Christine Lee (2010-2012): Something Began to Open Up in Me
When I was an M.Div. student back in the mid-90s, people would always ask me if I wanted to be ordained. At the time, I was at a conservative evangelical seminary that did not support women’s ordination but allowed women to study in its programs. I felt deeply called to some kind of vocational ministry and wanted to be trained, but I had no desire to be an ordained minister. I would always respond the same way. “Women don’t need to be ordained to do ministry. Plus, Rev. Christine Kim (my maiden name) sounds like MISTER Christine Kim to me!” Growing up in a Korean immigrant church in the 70s and 80s, I only ever saw male pastors. It didn't feel right for me to be a pastor, as though it went against the natural order of things. In my mind, a reverend is a man. I am not a man. Therefore, I should not be a reverend.
In 2002, I entered the Episcopal Church through marriage (I really didn’t like it, but that is another story!). It was the first time I ever had a woman priest. As I got more involved, as these things go, eventually the rector sidled up to me one day and asked, “Would you ever consider going through discernment for the priesthood?” And the rest, as they say, is history.
Well, sort of. After I went through the parish discernment process, my committee said, “Christine, we want to recommend you to the bishop for ordination, but you don’t seem like you want to do this.” I did not. I just could not envision myself as an ordained priest. As a pastor’s kid, my idea of what it meant to be a pastor was my father. His church members are in the thousands. He writes books. He’s the guy the president of South Korea would call to speak at the national prayer breakfast. He had his own TV show for many years before he retired. That’s not me.
I’ll always remember Bob, one of my committee members saying, “Christine, being a priest is not about being exactly like your dad. Being a priest is about creating space for people to encounter the living God. You will do that in your own way, with who you are, and the gifts God has given you.” That resonated with me deeply. But I still didn’t want to do it!\
So, I went to work for Habitat for Humanity NYC. And guess who I kept running into? Female Episcopal priests! In so many shapes and sizes. I never saw clergy like this. I was in awe of them. The Rev. Theodora Brooks (GTS 2000) from St. Margaret’s in the Bronx with her prophetic boldness, hilarity and warmth, The Rev. Maria Santaviago from San Juan Bautista with her big heart and creativity. As a priest in the zip code that held the record for highest rate of HIV/AIDS in the country, she began incorporating HIV testing into worship services and always went first. The Rev. Carol Anderson (GTS D.D. 2013), one of the first women ordained in the Episcopal Church who so graciously took me under her wing in her retirement. There were many others, each one so spiritually powerful in their own unique and disarming way. And something began to open up in me. If they were “Revs,” maybe I could be one too.

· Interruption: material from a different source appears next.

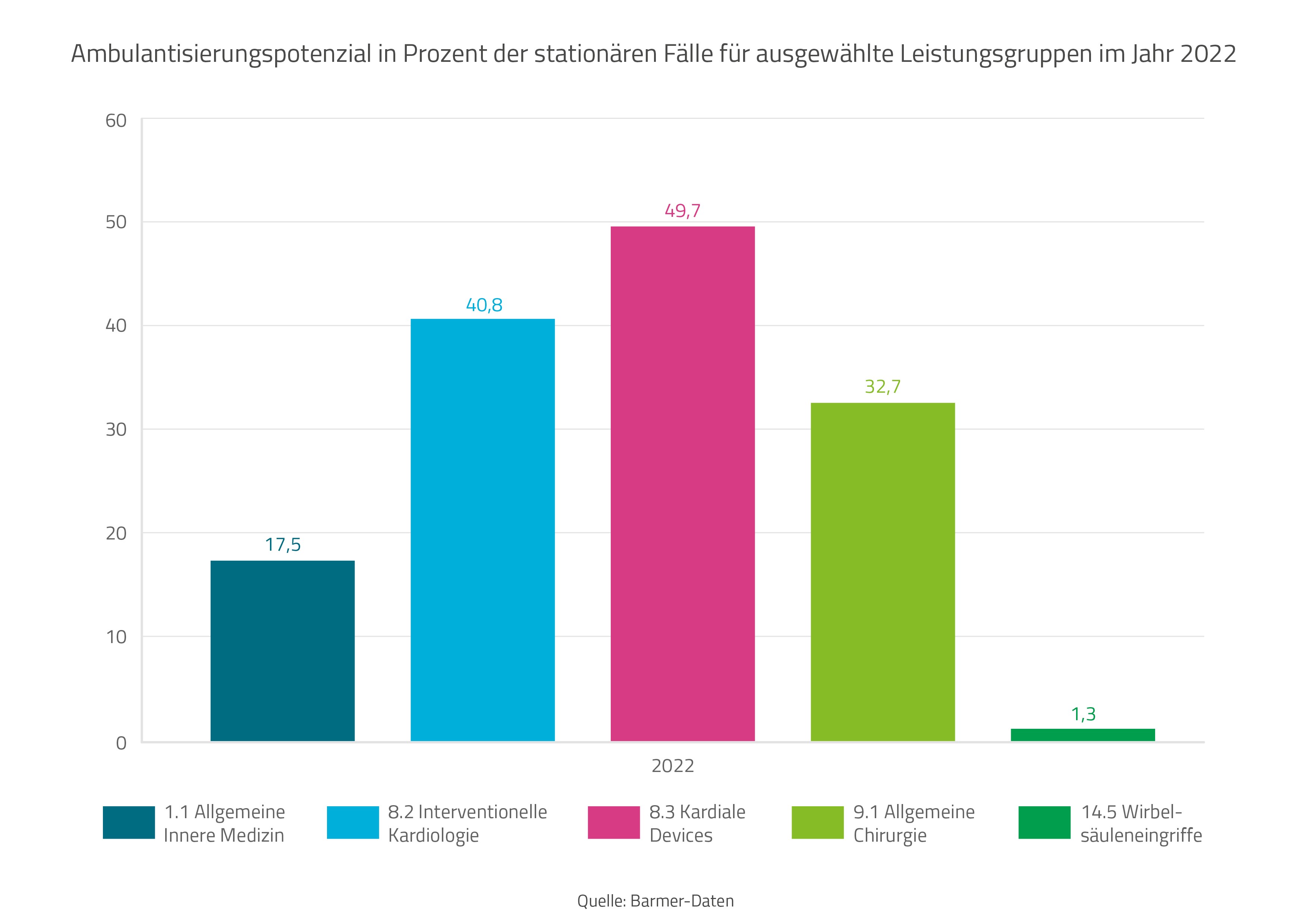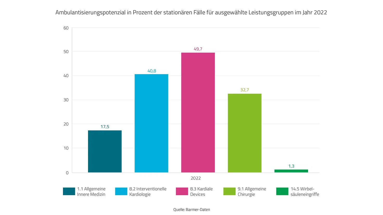 Das bifg sieht ein hohes Ambulantisierungspotenzial für eine Vielzahl von bislang stationär erbrachten Leistungen, dieses Potenzial müsse konsequent gehoben werden. Auf diese Weise könne dem demografisch bedingten Anstieg der stationären Fallzahlen entgegengewirkt und dieser sogar überkompensiert werden.

I entered General for my Anglican year in the fall of 2010. The last time I’d been in seminary, as one of the only women in the M.Div. program, I was clearly outnumbered. I always walked into class feeling conspicuous and out of place. I remember feeling an inner pressure to tamp down my femininity, to not doing anything that might draw attention to myself as a woman, at one point chopping off my long hair for a boy cut (which looked terrible). At General, I don’t even recall any conversations about “women in ordained ministry.” It just was. It was assumed. It was part of the air.
I will be forever grateful to General for creating space for me to take my first steps towards ordination to the priesthood. There are times when I think to myself, “How on earth did I get here?” And then I remember. It was a conversation. It was a connection with someone. It was walking through those black gates onto the Close for the first time
And the rest, as they say, is history.